Now, as we all know, any weekend in Prague spent collecting footage for a classy little retail number would merit a mid-80s position on that chart, but the Smash jingle was somewhat different.

It took the composer and a staff writer at a music publishing house all of 28 seconds to come up with the concept, write the music and lyrics and play it three or four times – just to make sure it worked. The old gent who was interviewed for the TV programme mused he was still getting paid for half a minute’s work that he did nearly 50 years ago. Bless him.

Perhaps the moral of the story is that jingles are really like musical catchphrases. They have to be of their time and somehow capture the moment if they want to capture our imaginations.

It even came full circle when the jingle for Coca-Cola had to be rewritten because the baying, paying public wanted to play it right up the charts. This is how “I’d Like to Teach the World to Sing” was born, and even knowing that it stems from blatant commercial hype doesn’t detract from its ability to transport us back to Wonder Years mode. It’s also a tremendous plus when the music behind a jingle gains enough recognition to see the artist benefit from the campaign too. Double sold.

Of course, just as flower power inevitably had to move over for power dressing, the jingle went through a long, cold period of being downmarket. You can blame Levis for this one. Their stunning advertising campaigns of the late 80s and early 90s demanded soundtracks, not jingles.

By juxtaposing elegant film-work against cult-classic songs they re-invented the use of music in advertising, and temporarily re-defined the place of advertising in popular culture. Suddenly, it was all right to be sold to, as long as it was entertaining and clever. And what about the genius that came up with the idea for the Levi’s advert compilation CD ... they were selling us the songs they used to sell us our jeans.
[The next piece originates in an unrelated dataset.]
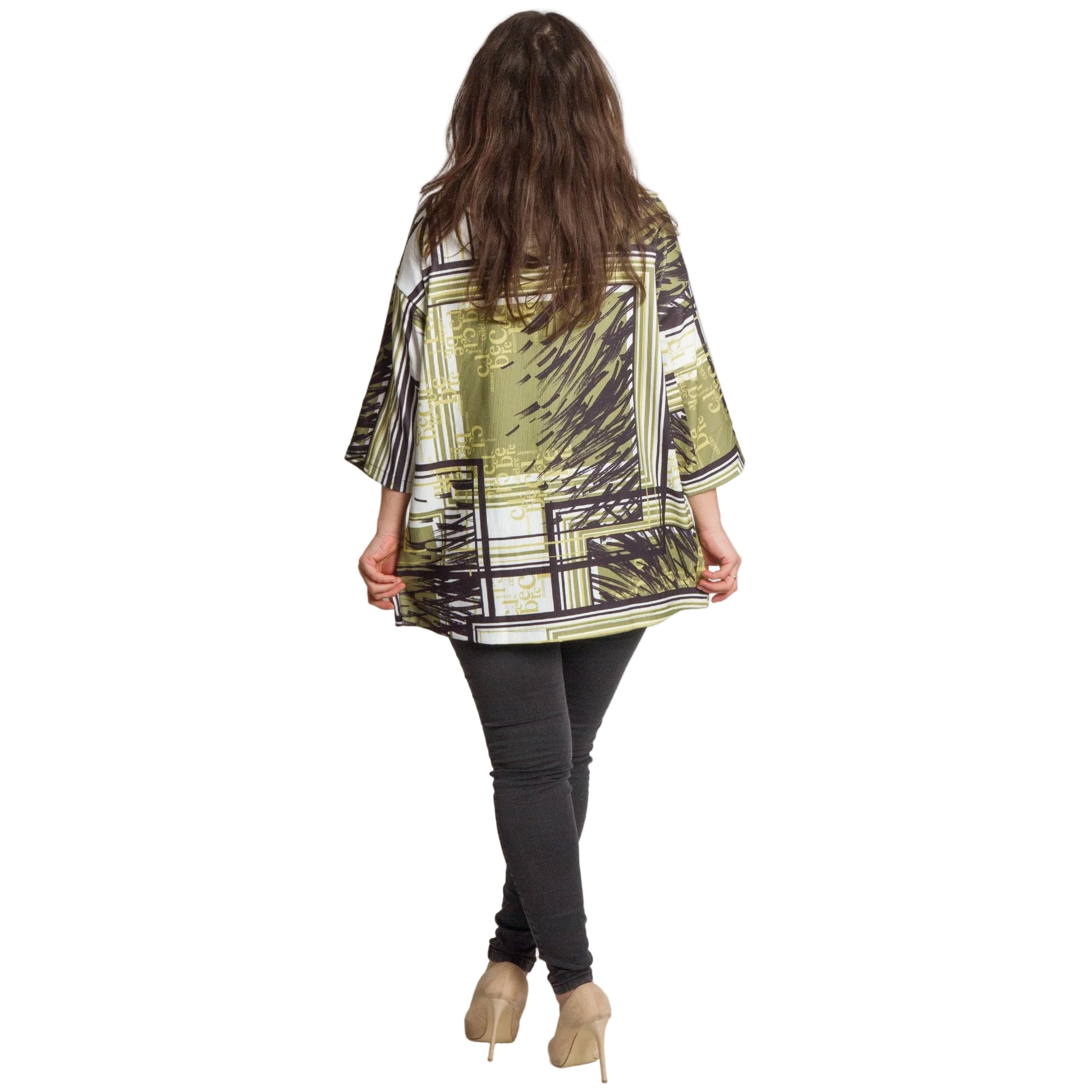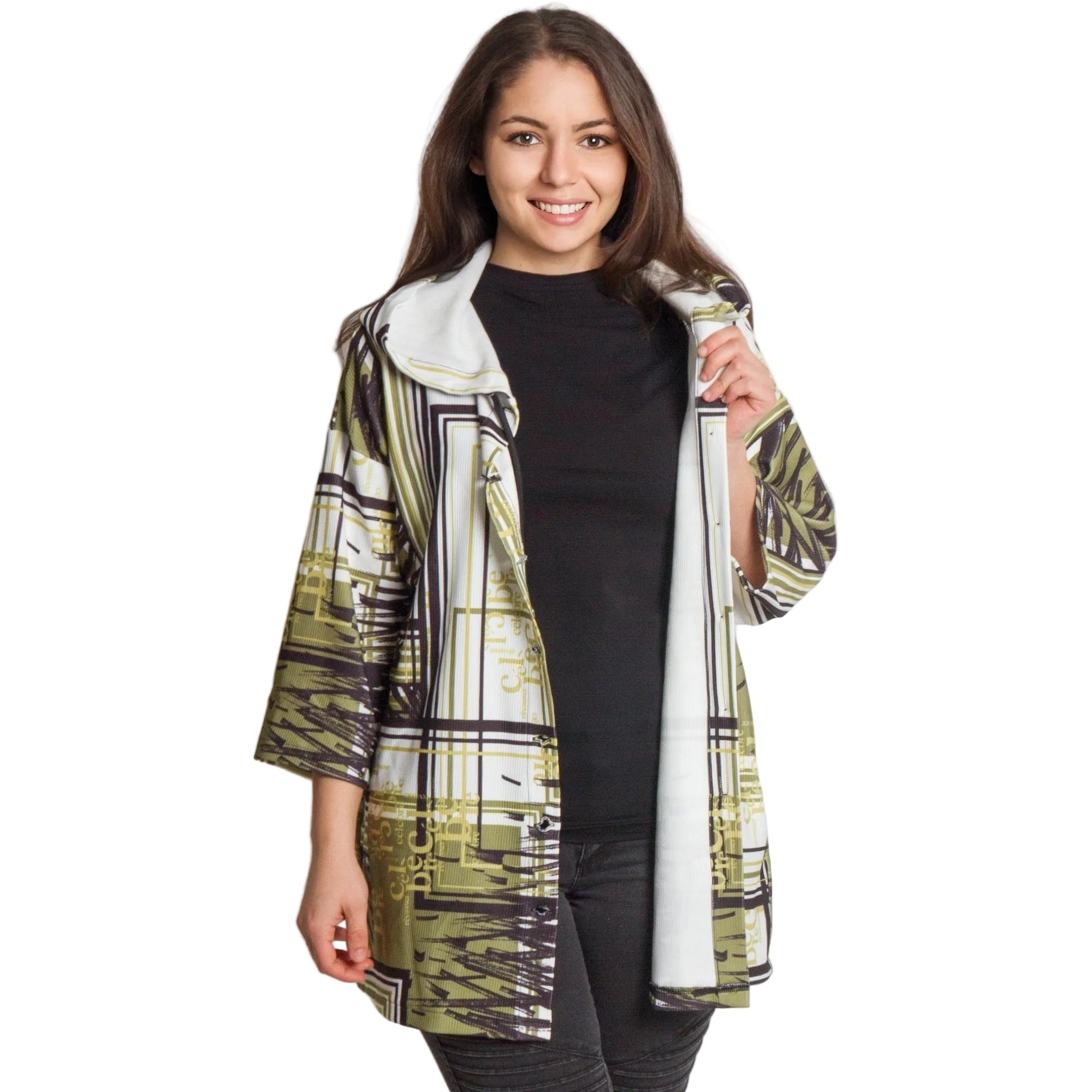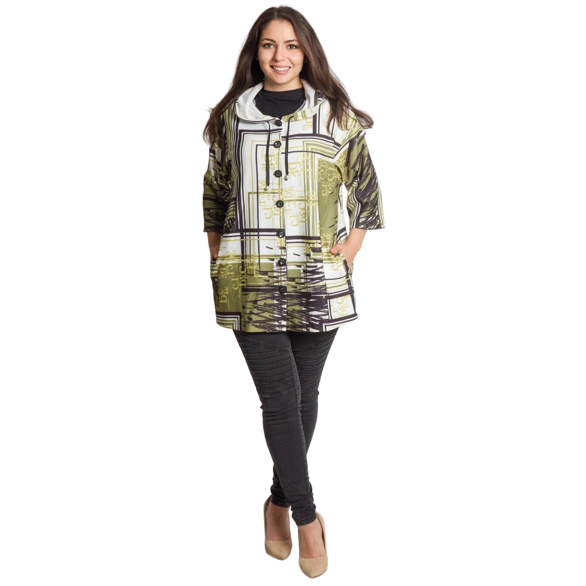 Насладете се на този красив макси жакет с качулка в стилен десен, в свободна кройка и копченца.
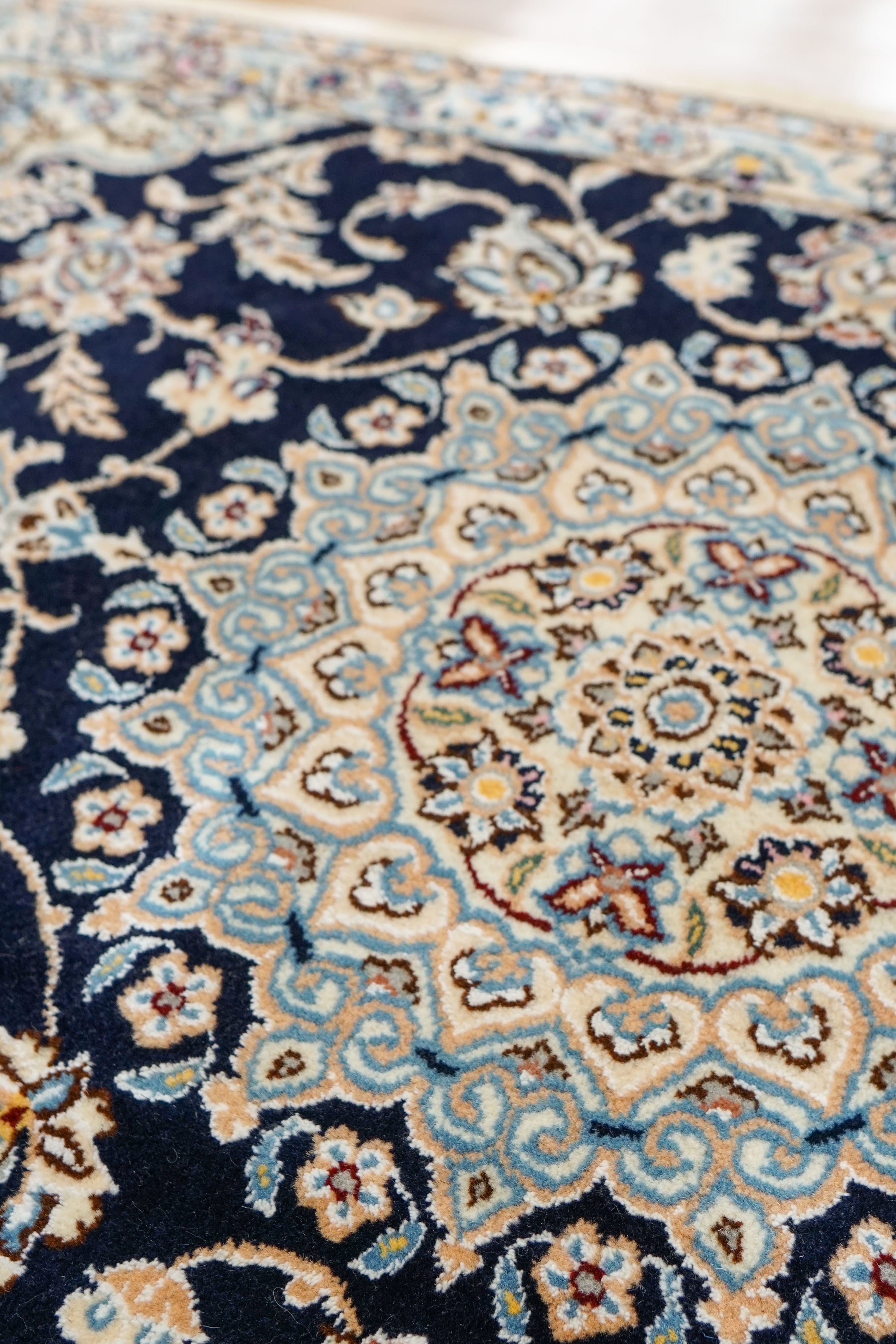 ナインはイスファハンに近い歴史ある産地で、緻密な織りと上品な配色で知られています。砂漠の町に咲く芸術とも称され、職人たちは代々受け継がれた技術で、一本一本丁寧に結び上げていきます。その細かさは、手織りならではの温もりと気品を同時に宿しています。

Are you feeling a little dizzy at this point?

Some more than others navigated this move from catchy jingle to campaign theme track more smoothly. Personally, I find it works best when the brand is brave enough to leave the track alone, and let its ethos diffuse an association in consumers’ minds. Where it falls on its face is when embarrassing attempts are made to hi-jack a much-loved song completely and force a brand name somewhere in the chorus, or when the intent of the song itself is let down by the brand. One has to wonder, at times, whether the team at ASDA thought we were really all going to suddenly believe they were perfect.

Today, the Levis trend continues and it’s music performed independently of any watchful ad exec eye that makes its way into the campaigns today. A soundtrack to some of the mini-epics that paint you a thousand-word picture rather than sing you a song. The image sells the product now, but the music has a more lifestyle-aimed approach. If you identify with the music, maybe that particular product is the one for you. It’s a slight hark-back ... if we don’t win them on the ad, we’ll win them on the music. And maybe even music today is another way to see we’ve hit a bit of a creative cul-de-sac. We’re heading back to mixing some of the old stuff a new way.

Which is why, although some might say video killed the radio star and the jingle is dead, in reality it’s more likely to be sleeping. You still get the old stalwarts shining through. Some jingles have blossomed into signature tunes, for instance, Green Giant, whilst others have remixed and gone for the update on the classic such as Coco Pops.

There is now a growing trend for the use of powerful auditory signatures. I’m thinking of the Tesco “plink”, the Comet Sense click, and the Intel bing-bong. They provide signs that this medium is exploring itself a lot further and that our old friend the jingle is poised for a comeback.

So, if you’re thinking of gambling with a jingle in your next campaign, look at it as a marketing exercise-cum-fingerprint on every potential consumer out there. Get it right and they’ll be singing it on the buses, on the terraces, on EastEnders.

Let’s just hope the product it’s singing the praises of is actually good enough to buy!